EXERCISE PROMPT: Output nothing except the lines from the one containing "Pour ce col, j'ai" through the final line of the data, both included, typed exactly, minus the pictures.

AVAILABLE DATA below:

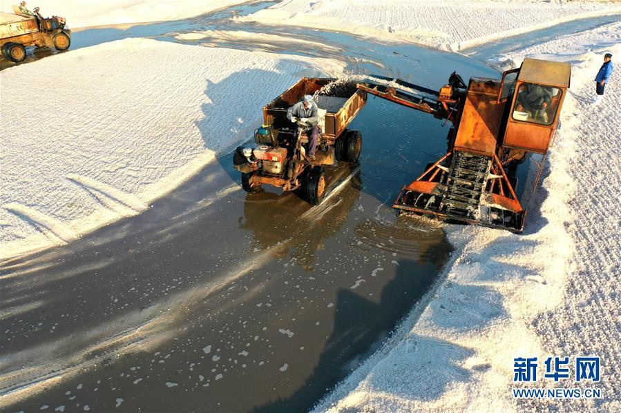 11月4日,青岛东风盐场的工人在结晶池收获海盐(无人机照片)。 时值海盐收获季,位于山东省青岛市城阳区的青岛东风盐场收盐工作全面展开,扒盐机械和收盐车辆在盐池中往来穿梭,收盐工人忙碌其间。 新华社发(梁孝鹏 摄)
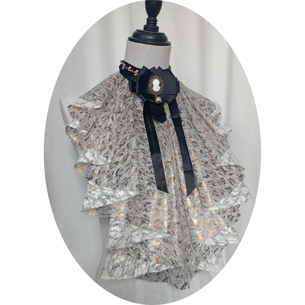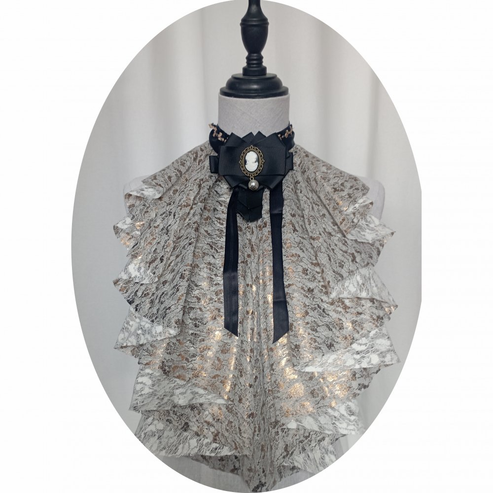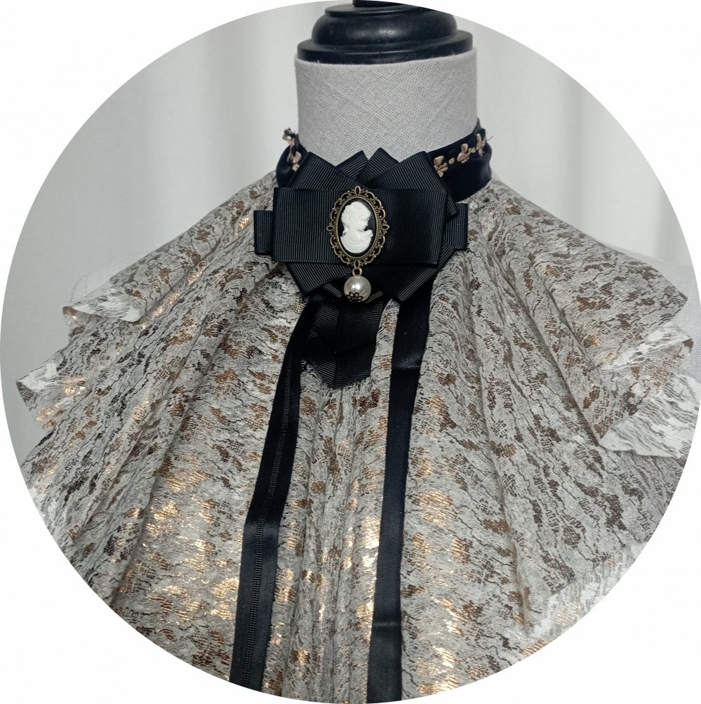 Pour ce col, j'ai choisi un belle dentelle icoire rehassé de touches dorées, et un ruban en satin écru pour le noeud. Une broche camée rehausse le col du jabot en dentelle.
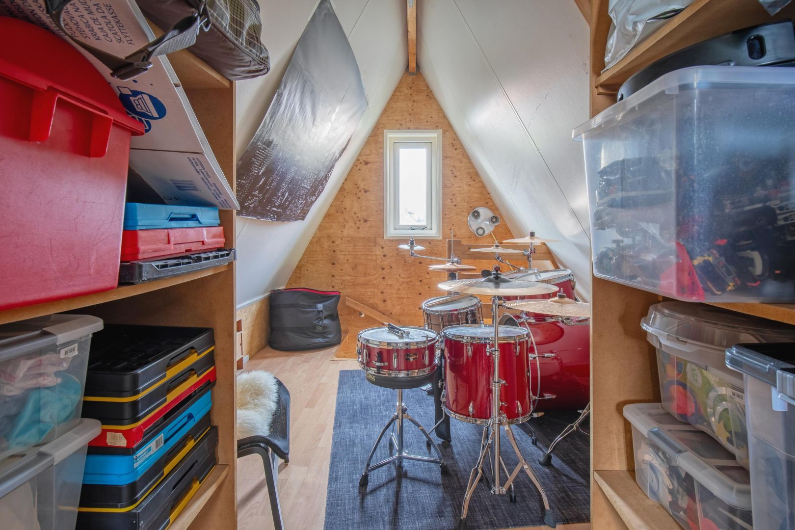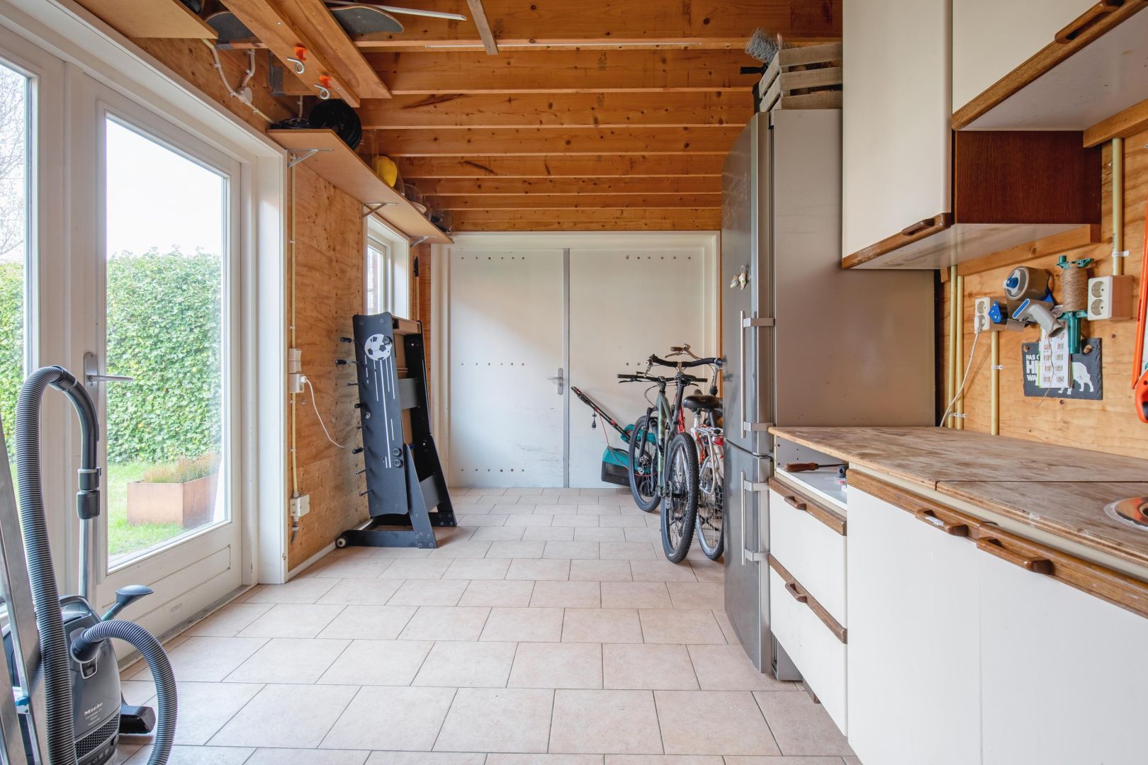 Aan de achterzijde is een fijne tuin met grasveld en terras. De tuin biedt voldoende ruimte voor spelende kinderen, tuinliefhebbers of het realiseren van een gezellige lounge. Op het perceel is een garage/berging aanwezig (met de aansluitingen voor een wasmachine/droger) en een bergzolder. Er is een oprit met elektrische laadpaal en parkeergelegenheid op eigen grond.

End of AVAILABLE DATA.

ANSWER SECTION:
 Pour ce col, j'ai choisi un belle dentelle icoire rehassé de touches dorées, et un ruban en satin écru pour le noeud. Une broche camée rehausse le col du jabot en dentelle.
 Aan de achterzijde is een fijne tuin met grasveld en terras. De tuin biedt voldoende ruimte voor spelende kinderen, tuinliefhebbers of het realiseren van een gezellige lounge. Op het perceel is een garage/berging aanwezig (met de aansluitingen voor een wasmachine/droger) en een bergzolder. Er is een oprit met elektrische laadpaal en parkeergelegenheid op eigen grond.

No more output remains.